Леонардо потупил глаза и приговорил, запинаясь и краснея, как виноватый:

– Не успел… Сира де ла Тремуйля в лицо я не знаю…

– Жаль, – заключил старик, оглядываясь на развалину. – Сотню лучших людей моих отдал бы я за твоего Колосса!..

Возвращаясь домой и проходя через мост с изящной лоджией Браманте, где произошло последнее свидание Моро с Леонардо, художник увидел французских пажей и конюхов, забавлявшихся охотою на ручных лебедей, любимцев Миланского герцога. Шалуны стреляли из луков. В тесном рву, отовсюду закрытом высокими стенами, птицы метались в ужасе. Среди белого пуха и перьев на черной воде плавали, качаясь, окровавленные тела. Только что раненный лебедь, с пронзительно жалобным криком, выгнув длинную шею, трепетал слабеющими крыльями, как будто пытаясь взлететь перед смертью.

Леонардо отвернулся и поскорее прошел мимо. Ему казалось, что он сам похож на этого лебедя.

В воскресенье шестого октября король Франции Людовик XII въехал в Милан через Тичинские ворота. В сопровождавшем его поезде был Чезаре Борджа, герцог Валентине, сын папы. Во время шествия от Соборной площади к замку ангелы Миланской Коммуны исправно махали крыльями.

С того дня, как разрушен был Колосс, Леонардо более не возвращался к работе над летательной машиной. Астро один кончил прибор. Художник не имел духа сказать ему, что и эти крылья не годятся. Видимо, избегая учителя, кузнец также не заговаривал о предстоявшем полете, только иногда украдкой взглядывал на него с безмолвным укором своим единственным глазом, в котором горел унылый, безумный огонь.

Однажды утром, в двадцатых числах октября, Пачоли прибежал к Леонардо с известием, что король требует его во дворец. Художник пошел неохотно. Встревоженный исчезновением крыльев, он боялся, чтобы Астро, забрав себе в голову лететь во что бы то ни стало, не наделал беды.

Когда Леонардо вошел в столь памятные залы Рокетты, Людовик XII принимал старшин и синдиков Милана.

Художник взглянул на своего будущего повелителя, короля Франции.
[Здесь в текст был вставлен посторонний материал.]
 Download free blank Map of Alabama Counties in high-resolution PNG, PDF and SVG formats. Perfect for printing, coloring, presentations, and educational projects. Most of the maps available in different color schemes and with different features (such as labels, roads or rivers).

Ничего царственного не было в его наружности: хилое, слабое тело, узкие плечи, вдавленная грудь, лицо с некрасивыми морщинами, страдальческое, но не облагороженное страданием, – плоское, будничное, с выражением мещанской добродетели.
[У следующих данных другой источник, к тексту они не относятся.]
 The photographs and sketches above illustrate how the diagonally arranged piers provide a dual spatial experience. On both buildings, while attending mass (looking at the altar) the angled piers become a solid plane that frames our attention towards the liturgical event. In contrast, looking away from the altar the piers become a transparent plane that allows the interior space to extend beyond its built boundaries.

На верхней ступени трона стоял молодой человек лет двадцати, в простом черном платье без украшений, кроме нескольких жемчужин на отворотах берета и золотой цепи из раковин ордена св. Архангела Михаила, с длинными белокурыми волосами, маленькою, слегка раздвоенною темно‑русою бородою, ровною бледностью в лице и темно‑синими, приветливо‑умными глазами. – Скажите, фра Лука, – шепнул художник на ухо спутнику, – кто этот вельможа?

– Сын папы, – отвечал монах, – Чезаре Борджа, герцог Валентине.

Леонардо слышал о злодействах Чезаре. Хотя явных улик не было, никто не сомневался, что он убил брата Джованни Борджа, наскучив быть младшим, желая сбросить кардинальский пурпур и наследовать звание военачальника – гонфалоньера церкви. Ходили слухи еще более невероятные, будто бы причиной Каинова злодеяния было соперничество братьев не только из‑за милостей отца, но также из‑за кровосмесительной похоти к родной сестре, мадонне Лукреции.

«Не может быть!» – думал Леонардо, вглядываясь в спокойное лицо его, в невинные глаза.

Должно быть, почувствовав на себе пристальный взор, Чезаре оглянулся, потом, наклонившись к стоявшему рядом благообразному старику в длинной темной одежде, вероятно секретарю своему, что‑то шепнул, указывая на Леонардо, и когда старик ответил, – посмотрел на художника пристально. Тонкая усмешка скользнула по губам Валентине. И в то же мгновение Леонардо почувствовал:

«Да, может быть, все может быть – и даже еще худшее, чем о нем говорят!»

Старшина синдиков, окончив унылое чтение, подошел к трону, стал на колени и поднес королю прошение. Людовик нечаянно уронил пергаментный свиток. Старшина засуетился, желая поднять. Но Чезаре, предупредив его, быстрым и ловким движением поднял свиток и подал королю с поклоном.

– Хам! – злобно прошептал кто‑то за спиной Леонардо, в толпе французских вельмож. – Обрадовался, выскочил!

– Ваша правда, мессере, – подхватил другой. – Сын папы отлично исполняет должность лакея. Если бы только видели, как утром, когда король одевался, он ему прислуживает, рубашку греет. Я, чай, и конюшню чистить не побрезгал бы?

Художник заметил подобострастное движение Чезаре, но оно показалось ему скорее страшным, чем гнусным, – как предательская ласковость хищного зверя.

В это время Пачоли хлопотал, волновался, подталкивал спутника под локоть, но, видя, что Леонардо, со своей обычной застенчивостью, чего доброго, целый день простоит в толпе, не найдя случая привлечь внимание короля. – принял решительные меры, схватил его за руку и, весь изогнувшись, с быстрым непрерывным свистом и шипением превосходных степеней: stupendissimo, prestantissimo, invincibilissimo, – представил королю художника.

Людовик заговорил о Тайной Вечере; хвалил изображения апостолов, но более всего восхищался перспективой потолка.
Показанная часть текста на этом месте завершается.